Getting into top shape through competitions?
Many skiers fine-tune their peak performance through competitions. If, during competitions and intensive workouts, it feels like something is still missing, competing generally helps. If muscle condition is good and there are no signs of overtraining, competitions provide challenging, high-intensity workouts that advance progress.
“If the training season has gone well and you feel like you haven’t quite tapped into your full potential during the races, and your muscle condition is good, using competitions to improve condition will work reliably. However, if you have undergone a tough training camp or other forms of strain, then the competition cycle may not advance your fitness but rather hinder it,” says Virtanen to Maastohiihto.com.
How can one assess their condition?
“One way is to monitor your maximum heart rate during competitions. If it’s, for example, 10 beats or more below the maximum heart rate measured in a treadmill test, it indicates that your muscles are not fully opened up, and you’re not getting the most out of yourself. At that point, you need to improve your condition through muscle maintenance, supportive training, and some targeted sharp workouts to elevate your performance in competitions.”
The optimal number of competitions is individual, influenced by the level of basic training and foundation. Some might need a tough workout during the week and two competitions on the weekend to make progress.
“Such a high-intensity block can work for some athletes. When performance in competitions starts to decline, it’s wise to focus on basic training. This varies from person to person and is specific to the athlete.”
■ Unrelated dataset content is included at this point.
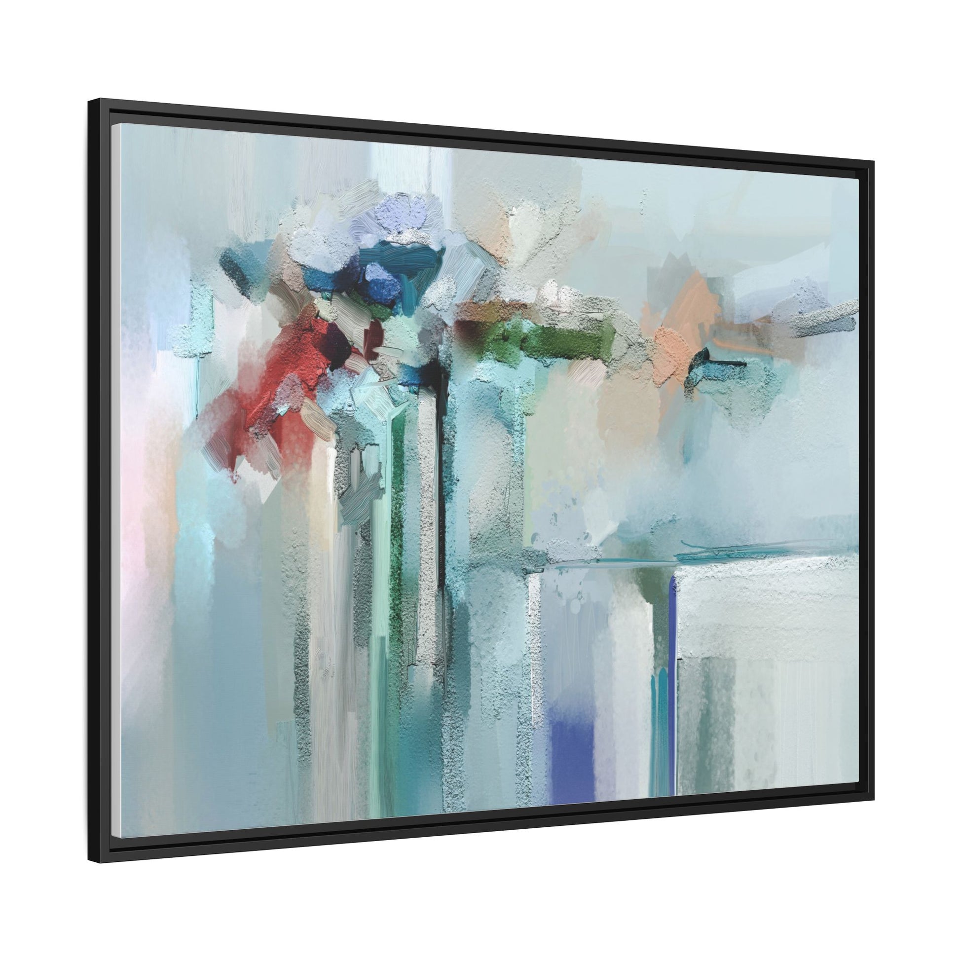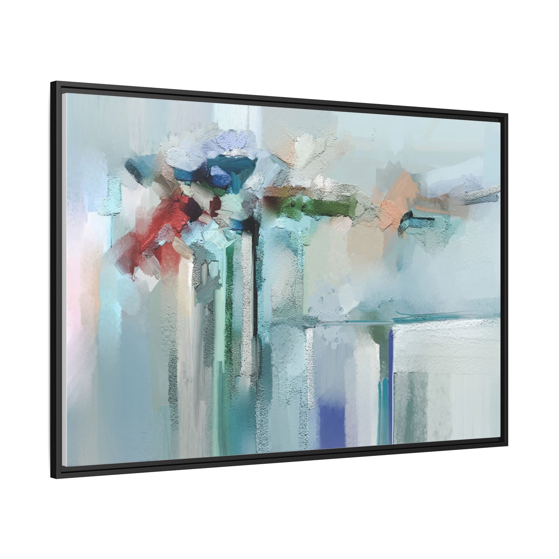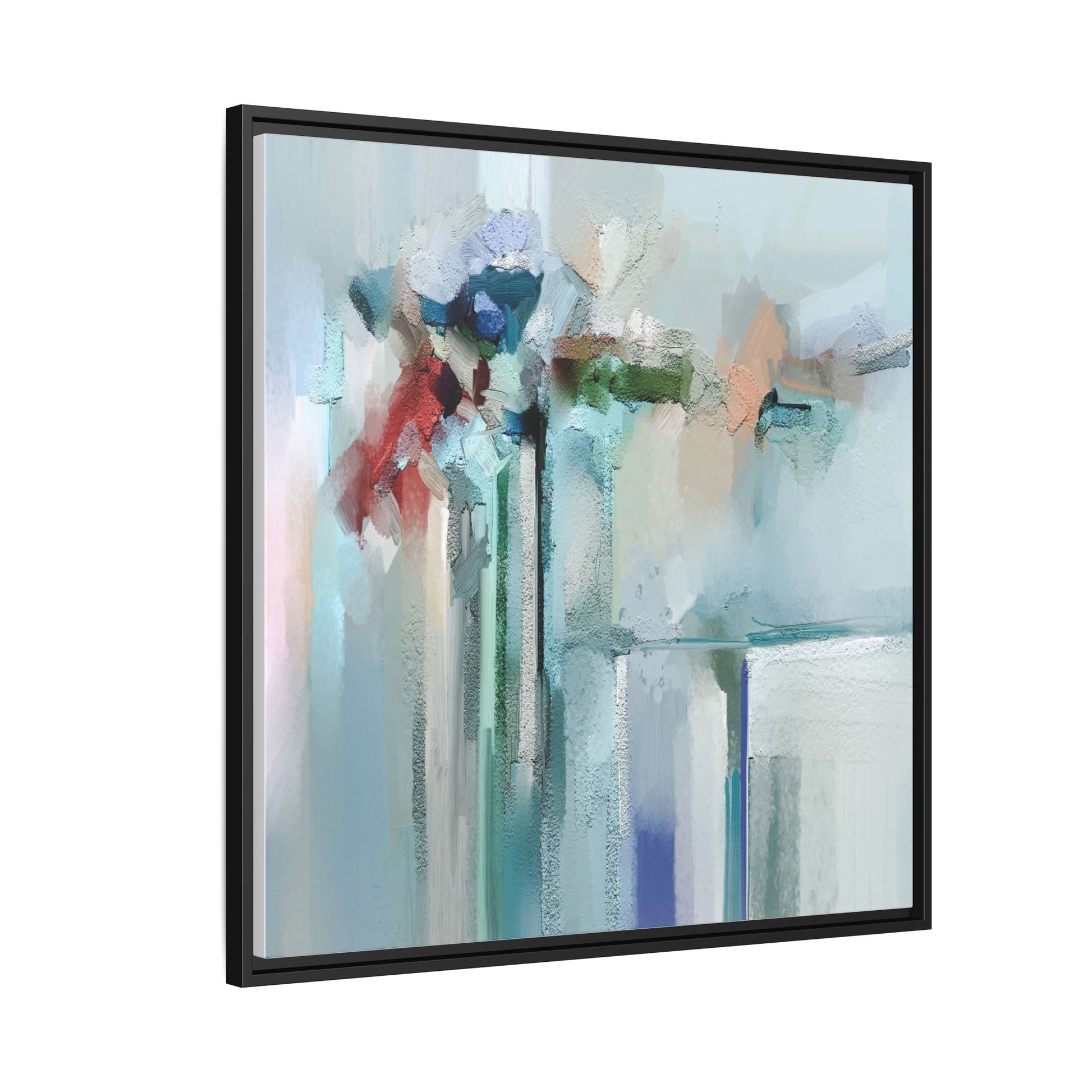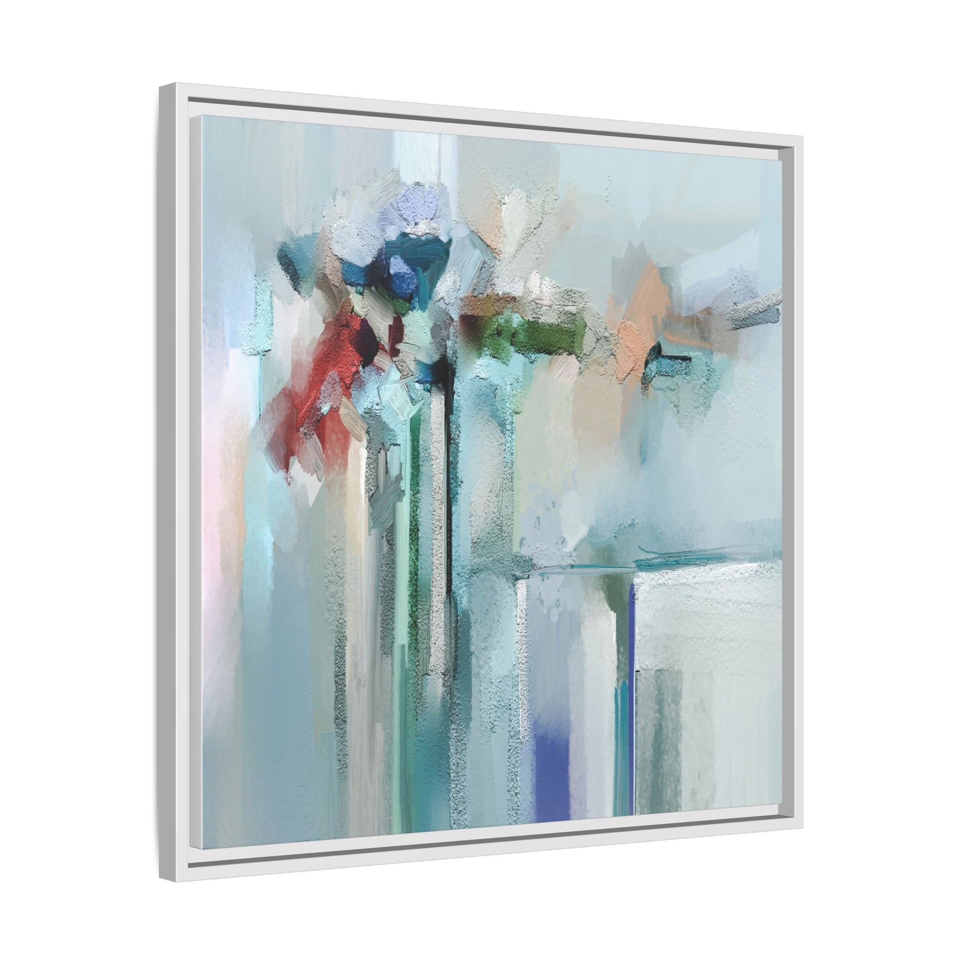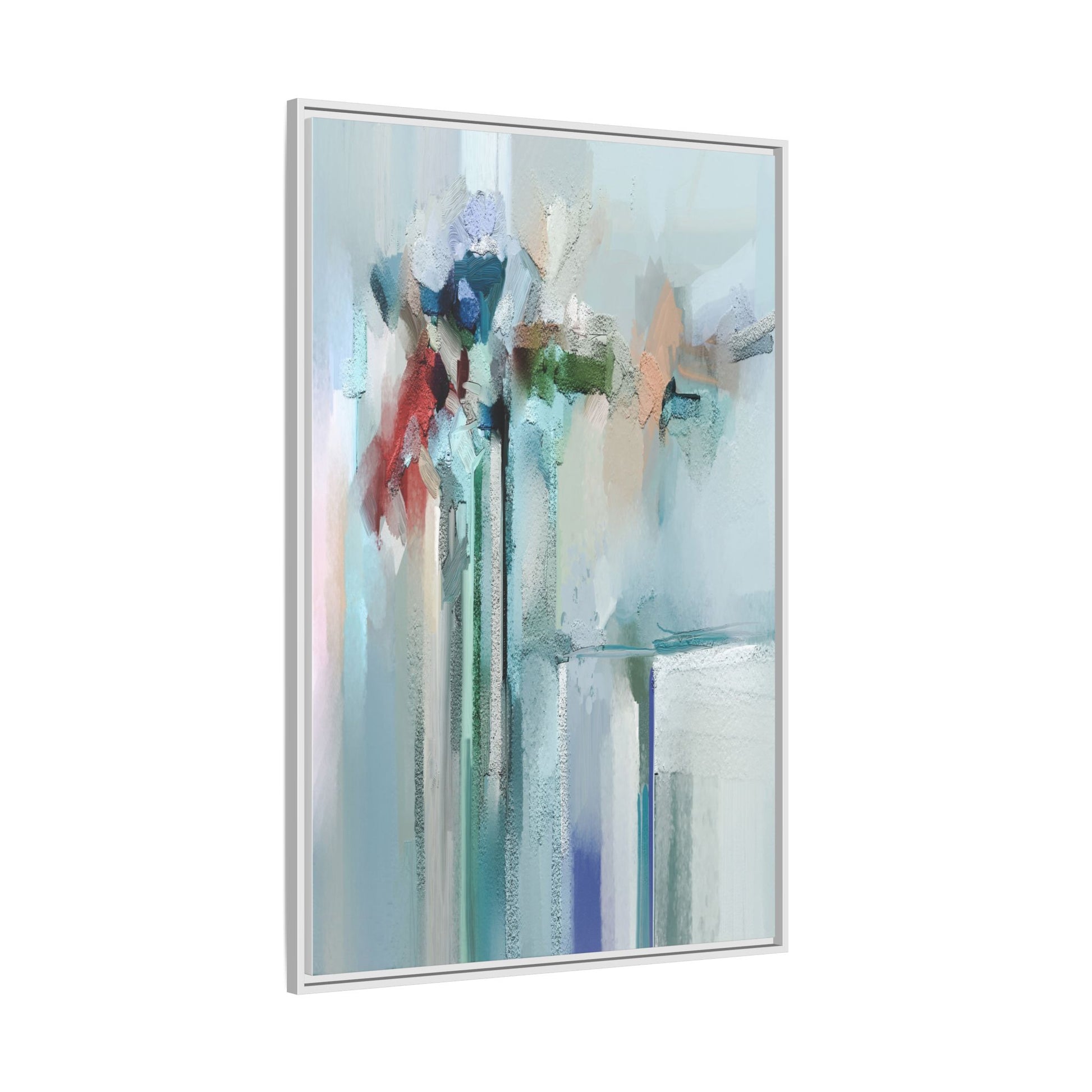 This captivating abstract painting features a soft, ethereal color palette dominated by soothing aqua, mint green, pale blue, and muted red tones. The artwork appears to be created with a textured, layered technique that creates depth and dimensionality, with visible brushstrokes and a slightly rough, impasto-like surface. Vertical elements suggest architectural or structural forms, with color blocks and vertical streams blending and intersecting across the canvas. The painting evokes a sense of tranquility and organic movement, reminiscent of a misty landscape or abstract architectural landscape. Subtle variations in texture and color create a dreamlike, contemplative atmosphere that invites viewers to explore the nuanced details and emotional resonance of the composition.

Ski Classics star Andreas Nygaard is a prime example of an athlete who always seeks speed through competitions during the season. Excessive high-intensity training before winter does not suit him, and most of his summer and autumn training is controlled threshold training. As the season starts, he competes frequently, and the competitions are crucial for him to reach his maximum performance.
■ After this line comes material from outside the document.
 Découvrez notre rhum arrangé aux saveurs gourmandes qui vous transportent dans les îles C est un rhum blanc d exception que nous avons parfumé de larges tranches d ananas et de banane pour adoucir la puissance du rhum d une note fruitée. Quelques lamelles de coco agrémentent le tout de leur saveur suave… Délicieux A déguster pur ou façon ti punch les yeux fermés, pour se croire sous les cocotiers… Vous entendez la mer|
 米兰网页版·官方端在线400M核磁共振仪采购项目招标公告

Also Read: Andreas Nygaard’s training doesn’t include gimmicks
Making significant adjustments during the competition season is challenging but possible, as Virtanen knows through his athletes. He also understands how much training during the competition season impacts the overall performance. Individual needs vary, and many factors depend on the athlete’s type. However, the main principles are clear.
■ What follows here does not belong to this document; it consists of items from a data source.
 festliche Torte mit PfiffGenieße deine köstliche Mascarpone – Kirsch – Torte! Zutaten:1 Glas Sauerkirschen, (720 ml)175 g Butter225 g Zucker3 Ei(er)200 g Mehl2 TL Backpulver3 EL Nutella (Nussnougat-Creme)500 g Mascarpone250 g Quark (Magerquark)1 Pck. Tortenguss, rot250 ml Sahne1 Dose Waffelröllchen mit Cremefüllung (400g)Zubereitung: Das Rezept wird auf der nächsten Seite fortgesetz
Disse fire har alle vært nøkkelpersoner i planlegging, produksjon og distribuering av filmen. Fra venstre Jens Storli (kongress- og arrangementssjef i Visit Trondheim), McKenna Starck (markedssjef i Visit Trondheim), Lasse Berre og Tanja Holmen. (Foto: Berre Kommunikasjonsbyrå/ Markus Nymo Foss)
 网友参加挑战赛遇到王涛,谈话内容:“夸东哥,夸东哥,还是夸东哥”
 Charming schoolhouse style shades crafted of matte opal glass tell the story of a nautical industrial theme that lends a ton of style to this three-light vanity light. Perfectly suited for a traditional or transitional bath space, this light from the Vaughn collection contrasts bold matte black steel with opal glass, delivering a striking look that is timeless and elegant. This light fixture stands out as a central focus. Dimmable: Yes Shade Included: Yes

“After competitions, you must first ensure recovery, then check metabolic function, and then sharpen the nervous system to keep the body alert. Only then do you prepare for the next competition. You can’t move on to the next step until the previous one is completed,” Virtanen summarizes, adding:
“If you’ve had races on Friday, Saturday, and Sunday, recovery and ensuring proper aerobic metabolism might take the entire following week. If you have a race on Saturday, you won’t be able to do any preparatory training. When traveling around the World Cup circuit, training becomes relatively straightforward.”